START Available data

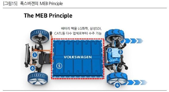 폭스바겐이 밝힌 MEB는 오는 2021년 본격 출시되는 3세대 전기차의 전용 파워트레인을 말한다. 배터리 팩, 구동모터, 휠, 설계 등을 표준화해 보다 효율적으로 전기차를 양산해 내는 것을 의미한다. 예컨대 배터리 팩 공간과 스펙을 정해놓기만 하면 다수의 2차전지 업체로부터 유사한 성능의 배터리를 공급받을 수 있다. 2차전지 업체가 각형 전지나 파우치형 전지 중 어떤 것을 사용하든 성능과 용량만 충족한다면 폭스바겐은 신경쓰지 않아도 되는 셈이다.
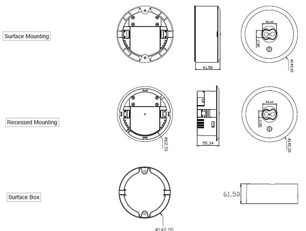 | Außenmaße | Ø140mm | ? De buitenmaat is de grootste maat, vaak van de lampkop. |
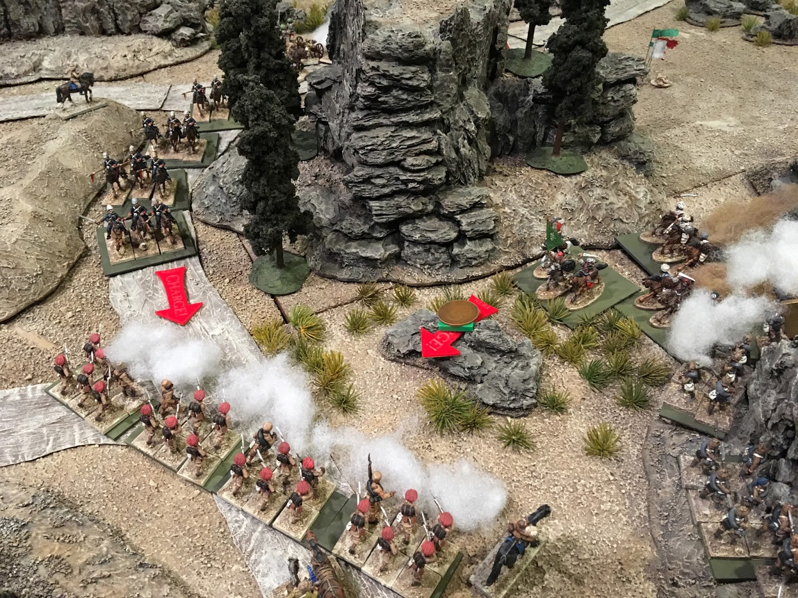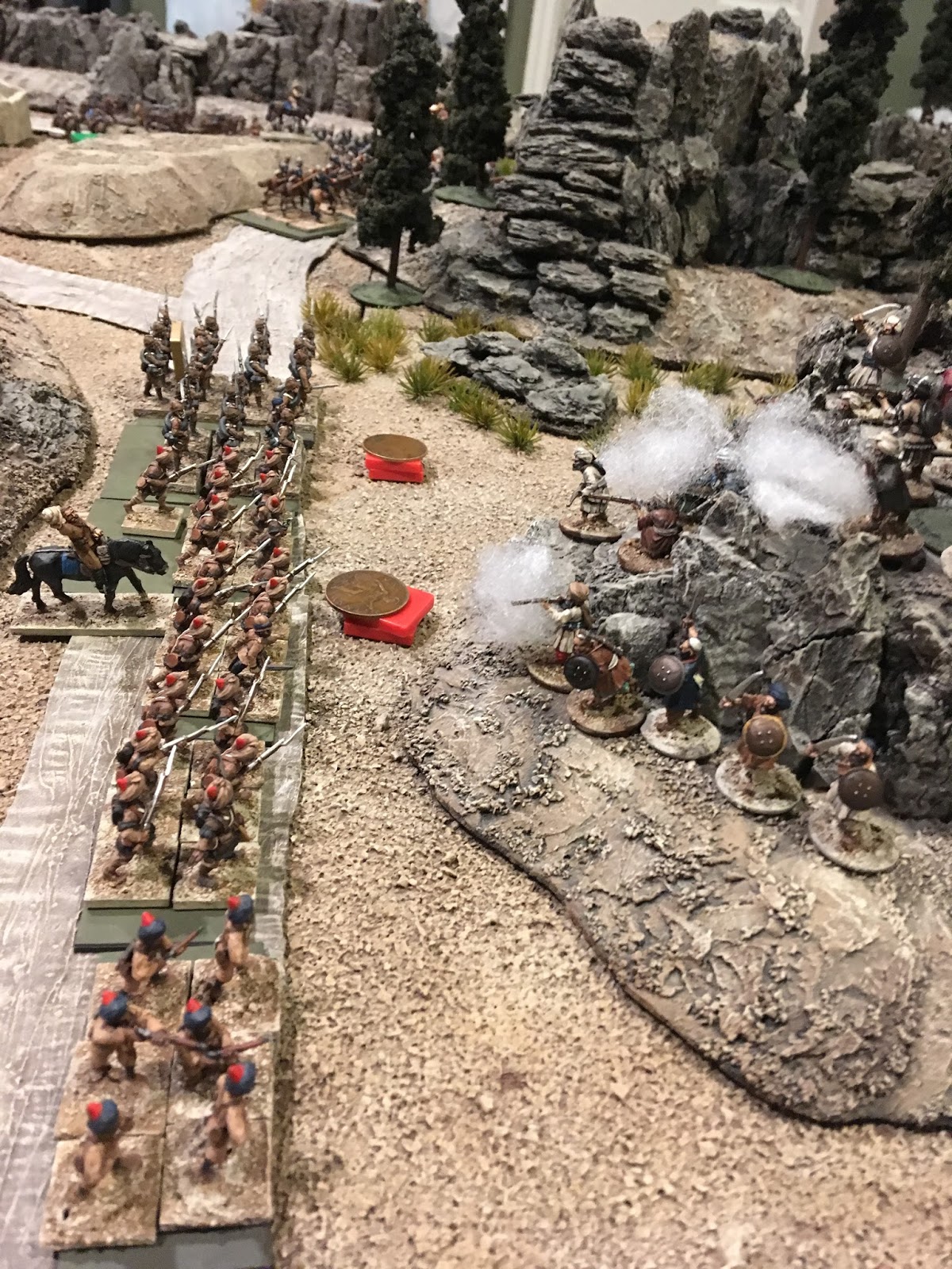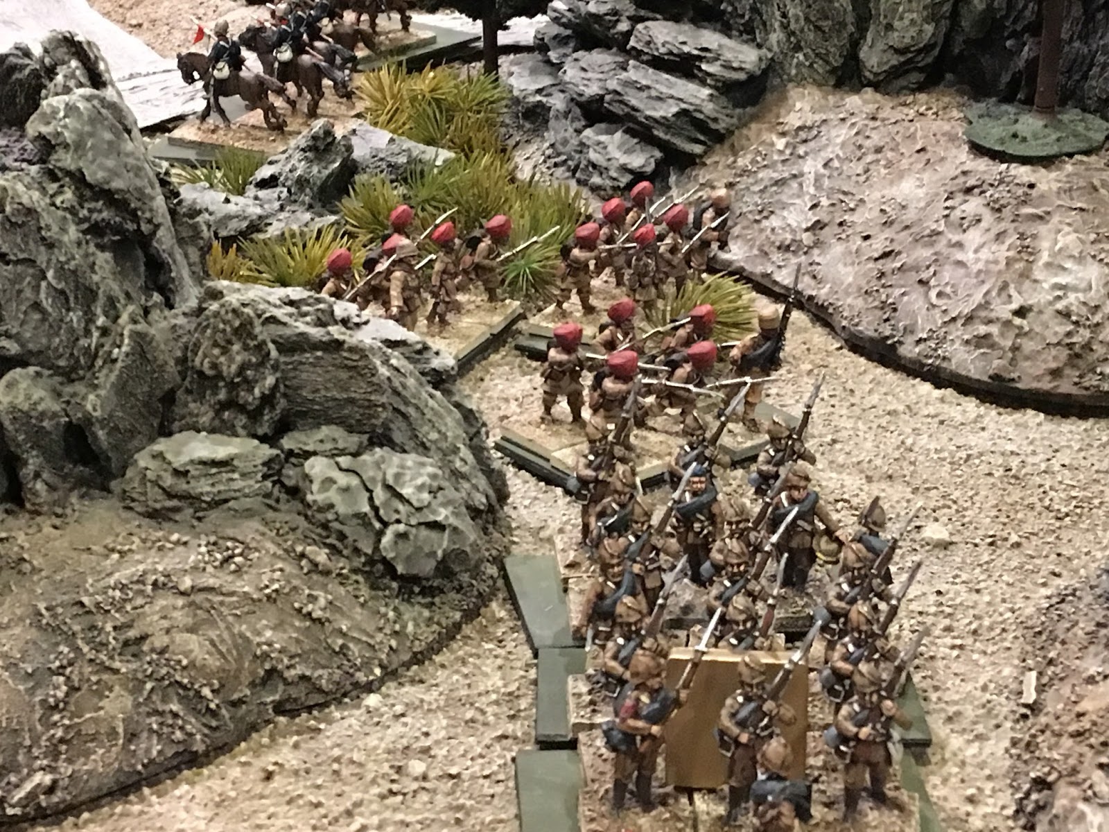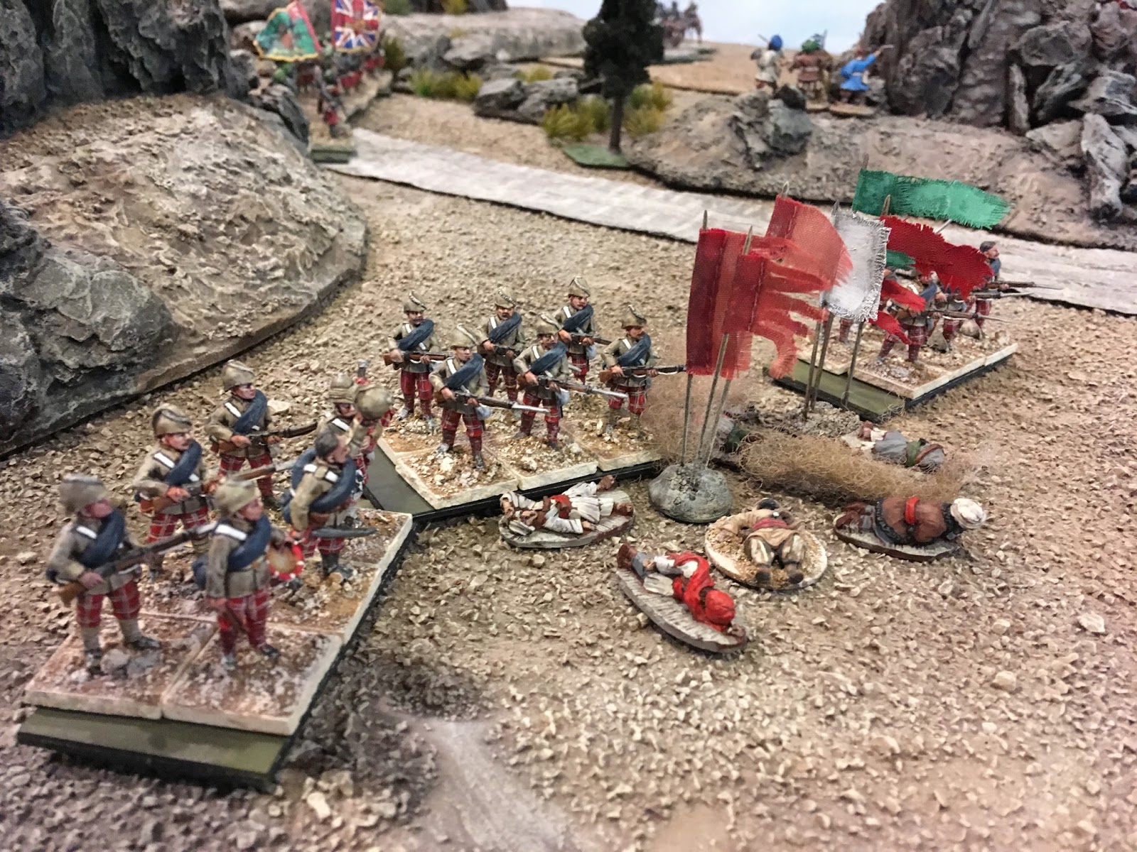 Back in the middle of the battlefield Jacob’s Rifles remain astride the road firing at the Tribesmen on the narrow rocky hill to their front while the Punjabis advance across the ridge to their left…

END Available data

=== Assignment ===
From the first line to the last, output the data exactly, without the pictures.

=== Result for this task ===
 폭스바겐이 밝힌 MEB는 오는 2021년 본격 출시되는 3세대 전기차의 전용 파워트레인을 말한다. 배터리 팩, 구동모터, 휠, 설계 등을 표준화해 보다 효율적으로 전기차를 양산해 내는 것을 의미한다. 예컨대 배터리 팩 공간과 스펙을 정해놓기만 하면 다수의 2차전지 업체로부터 유사한 성능의 배터리를 공급받을 수 있다. 2차전지 업체가 각형 전지나 파우치형 전지 중 어떤 것을 사용하든 성능과 용량만 충족한다면 폭스바겐은 신경쓰지 않아도 되는 셈이다.
 | Außenmaße | Ø140mm | ? De buitenmaat is de grootste maat, vaak van de lampkop. |
 Back in the middle of the battlefield Jacob’s Rifles remain astride the road firing at the Tribesmen on the narrow rocky hill to their front while the Punjabis advance across the ridge to their left…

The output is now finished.